NeutralA stock rated as "Neutral" is expected to perform in line with the overall market or a specific benchmark. This rating indicates that the stock is neither particularly attractive nor unattractive for investment. Investors may consider holding onto the stock, as it is not expected to either significantly outperform or underperform the market.

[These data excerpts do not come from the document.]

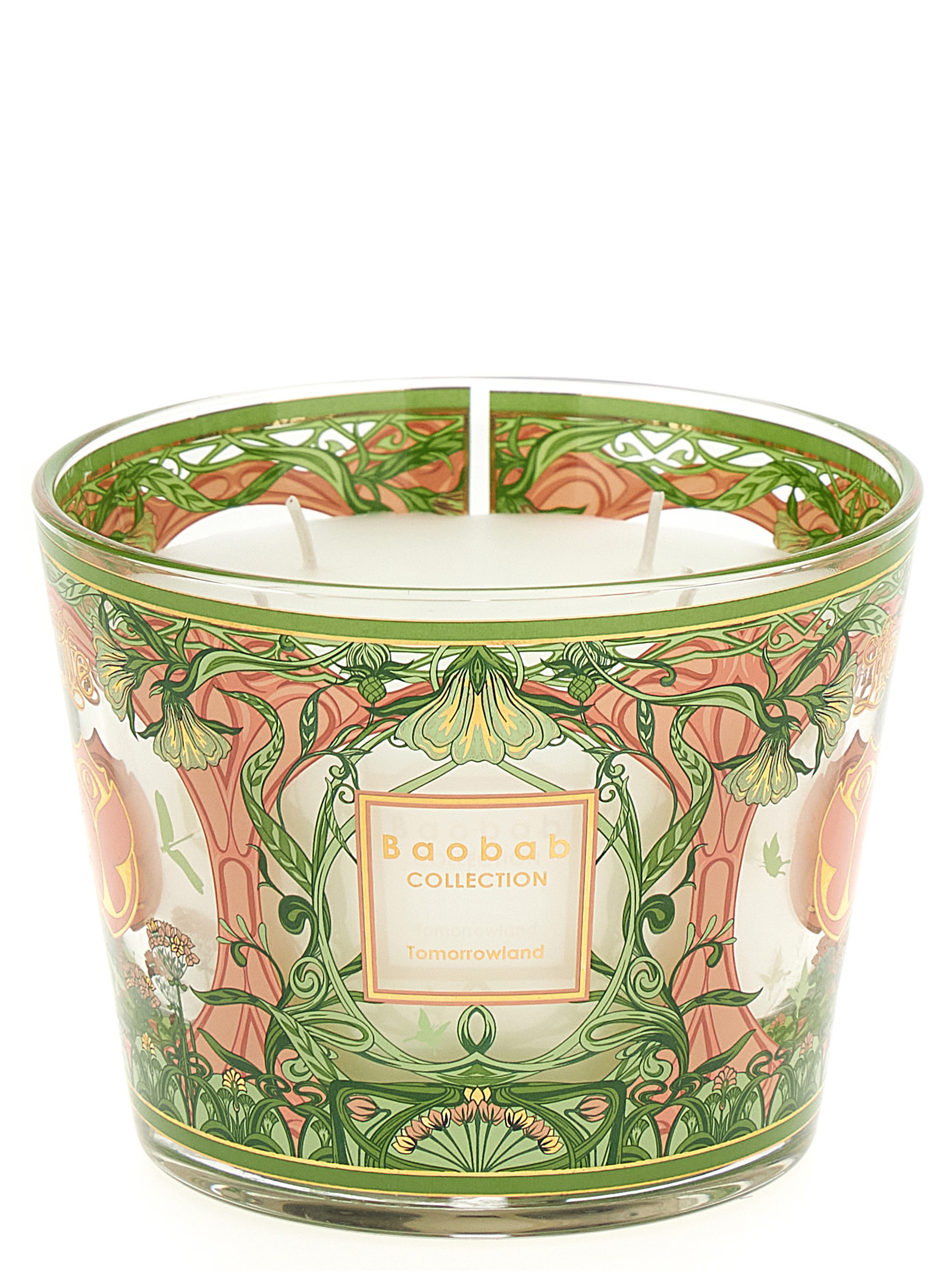 The Tomorrowland scented candle features a powder pink and green silk-screened pattern where you can see the logo of the famous Belgian music festival. The designs are inspired by the Art Nouveau movement, with organic and graceful shapes that evoke nature. Each candle is accompanied by a playlist to download via the QR code inside the lid of the box.
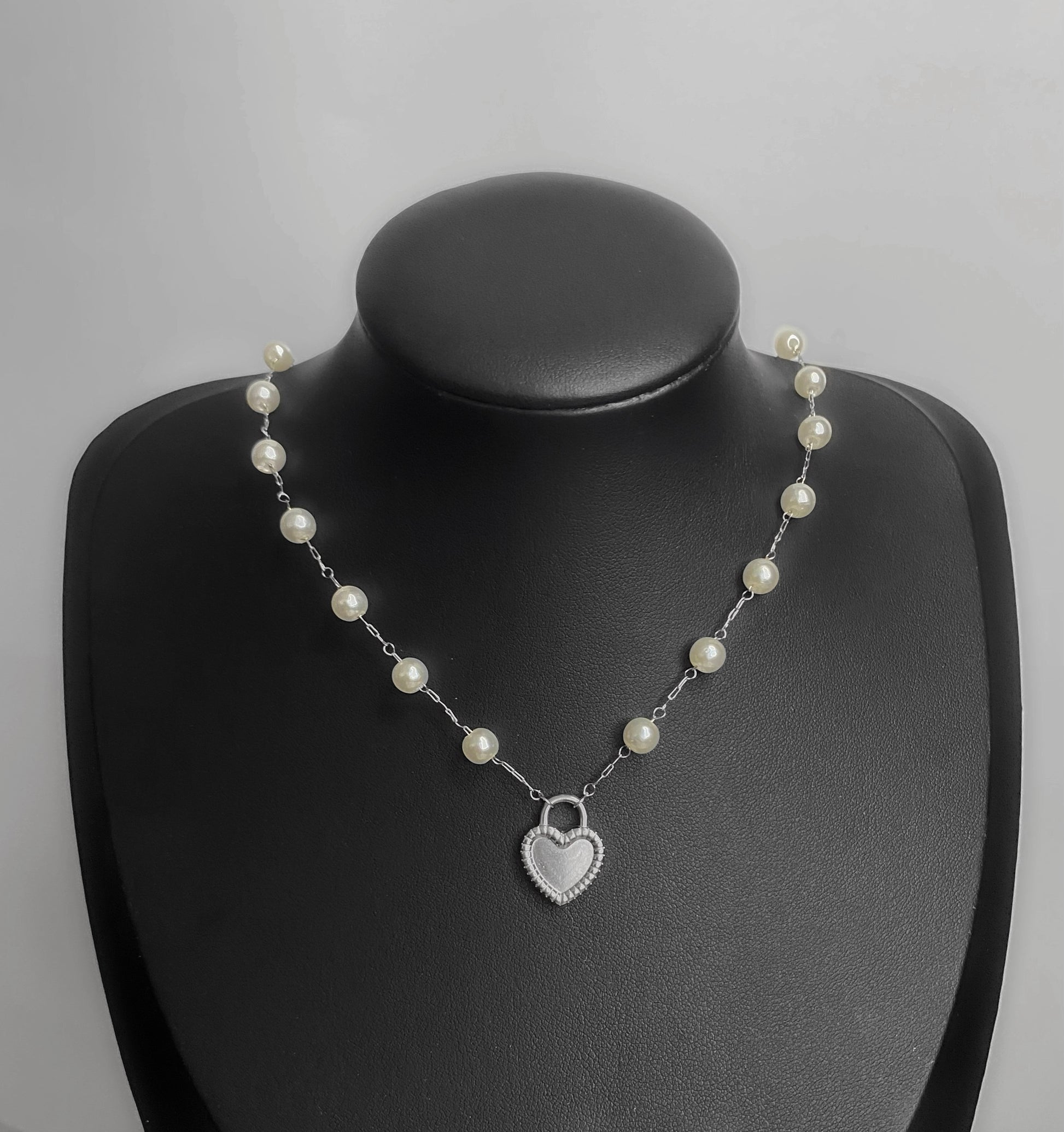 stainless steel chain and closing parts, pretty off white immitation pearls & a cute stainless steel heart lock charm.
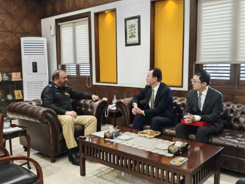 2026年1月22日,驻卡拉奇总领事杨云东会见信德省新任警察总监贾韦德。杨总领事祝贺贾履新,双方就进一步加强涉华安保,为中方人员、机构、项目营造良好安全环境等交换了意见。
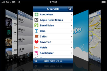 Der Nachteil: Der Platz für die aktuelle Anwendung wird dadurch reduziert, abhängig von der Anzahl der gleichzeitig laufenden Apps. Dreht man im Home-Menü, auf dem die Icons aller Apps angezeigt werden, das iPhone um 90°, könnte in einer Coverflow-Darstellung durch die laufenden Programme gescrollt werden: So lässt sich im iPod Programm bereits bequem das nächste Lied auswählen.
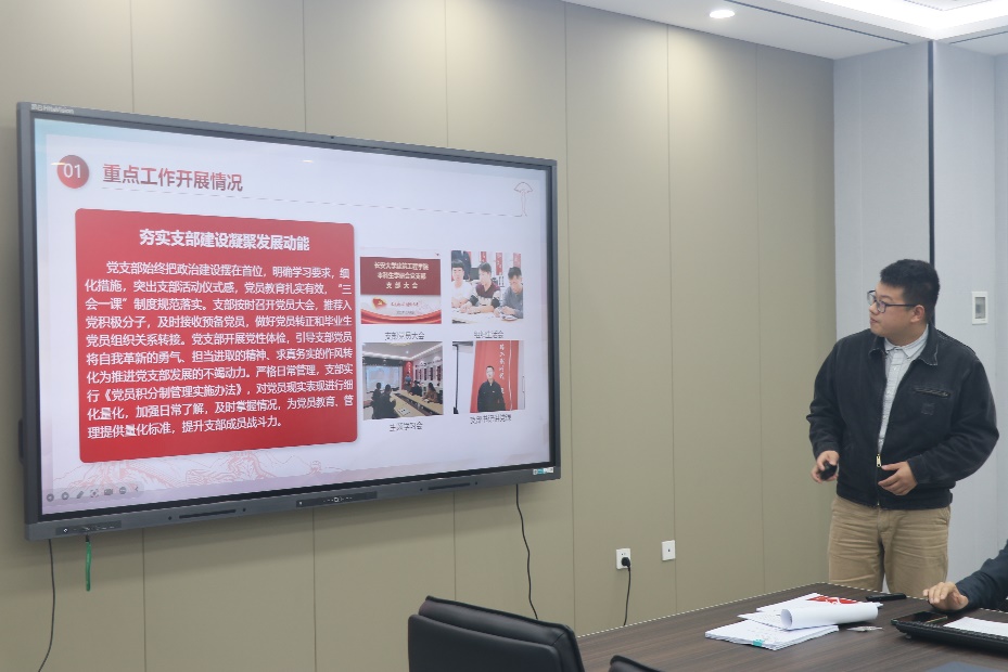 会上,王艳首先代表学校党委向与会人员介绍了两年来学校党建“双创”工作建设情况,对本次验收工作的要求和目的进行了传达。孟庆鹏对欧美AV 党建“双创”建设情况和特色亮点进行了总结。欧美AV 建环与市政联合党支部书记孟庆龙、中国特色社会主义理论学习研究会党支部王玺分别汇报了本支部的建设情况。随后,验收组王艳、欧阳韬、刘小莉分别进行了现场询问和点评。

UnderperformA stock rated as "Underperform" is expected to perform worse than the overall market or a specific benchmark over the near-to-medium term. This rating suggests that the stock may deliver lower returns compared to the average returns of other stocks in the same sector or market index. Investors might consider selling the stock or avoiding it as an investment.

Disclaimer

This AI Analyst Stock Report is automatically generated by our AI systems using advanced algorithms and publicly available financial, technical, and market data. While the information provided aims to be accurate and insightful, it is intended for informational purposes only and should not be considered financial advice. Any content created by an AI (Artificial Intelligence) system may contain inaccuracies and/or contain errors. Investing in stocks carries inherent risks, and past performance is not indicative of future results. This report does not account for your personal financial circumstances, objectives, or risk tolerance. Always conduct your own research or consult with a qualified financial advisor before making investment decisions. The analysis and recommendations provided are based on historical and current data and may not fully reflect future market conditions or unexpected developments. Neither the creators of this report nor its affiliated entities guarantee the accuracy, completeness, or reliability of the information presented. Use this report at your own discretion and risk.